Mark Kantrowitz, publisher of Finaid.org , says he considers tuition insurance “more of a niche product, mainly selling reassurance to a pretty rarefied group of parents.” Low costs at community colleges and some other public institutions, plus federal and institutional financial aid, mean that many families make small contributions already and are willing to take the risk. “If your child is attending a community college you’re extremely unlikely to be interested in this. If your child’s attending a $50,000 a year school, you’re more likely to be interested.”
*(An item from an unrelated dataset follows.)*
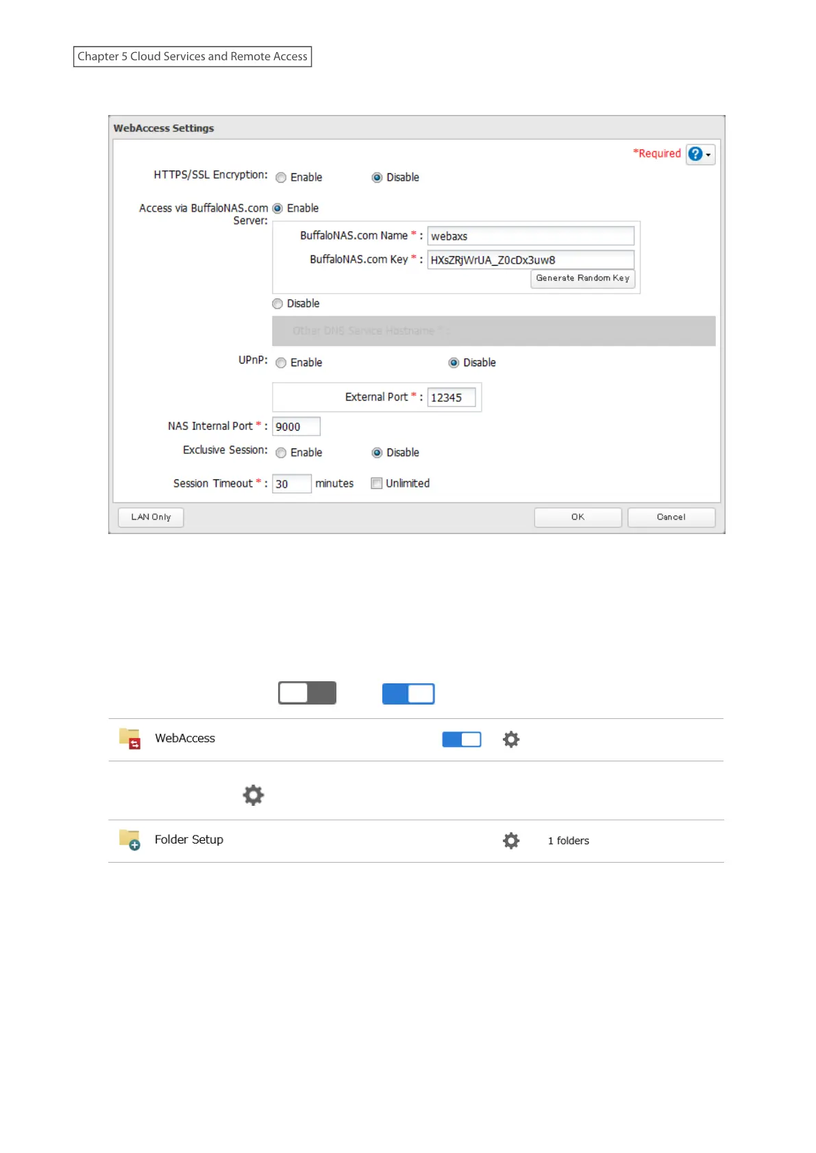 • Choose a “BuffaloNAS.com Name” and “BuffaloNAS.com Key” for your WebAccess account. Names and keys
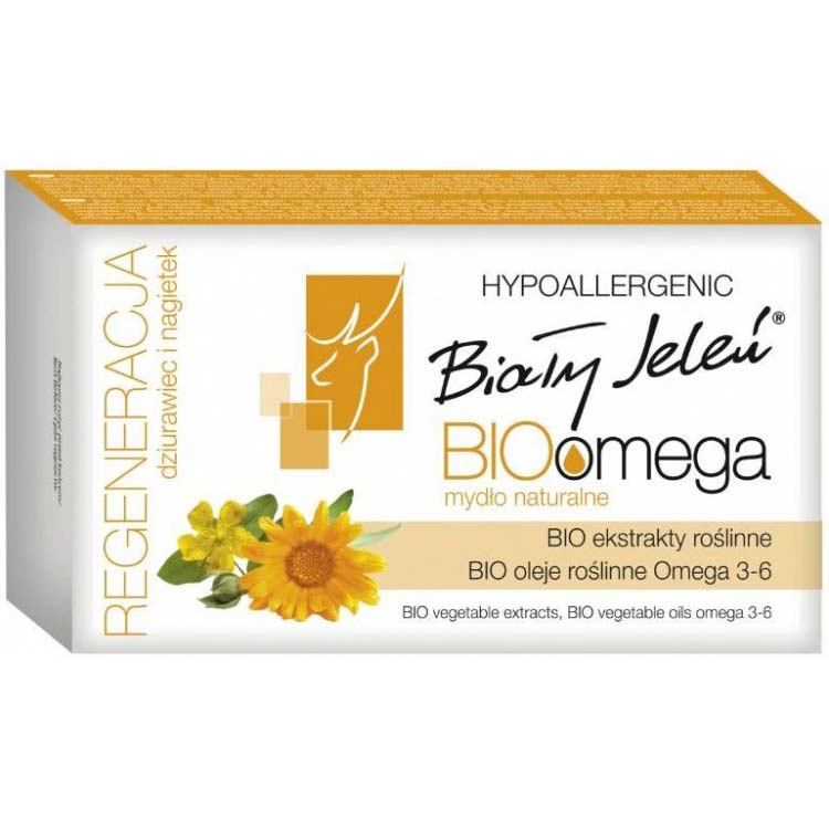 Mydło w kostce Biały Jeleń z serii Bio Omega - Regeneracja. Zawarte w nim naturalne składniki, takie jak wyciągi z ziół czy olejki roślinne, zapewniają skórze higienę oraz odpowiednią pielęgnację. Mydło ma działanie łagodzące oraz przeciwzapalne, posiada także składniki nawilżające skórę.

Students from low-income backgrounds could benefit from the policies, but because they are so poor they’re unlikely to take the policies out to begin with, says Justin Draeger, vice president of public policy, advocacy and research at the National Association of Student Financial Aid Administrators. “Because tuition insurance isn’t an educational expense, it’s not included as a cost of attendance and can’t be covered by student aid. They’re not likely to have the cash on hand, and if something does go wrong and they need to drop out, they’re just going to lose whatever they’ve put in out of pocket.”
Both Kantrowitz and Draeger note that because colleges publish refund policies and have appeals policies, it makes sense for families to figure out whether they’re actually taking a big risk by not buying the insurance. “A little bit of homework up front about the college’s rules can make it clear that the insurance isn’t necessary,” Draeger says, adding that in most instances he thinks it isn’t.
Most parents seem to come to the same conclusion, too. Tufts, of Dewar, says that on average 10 percent of parents at member institutions choose to buy policies.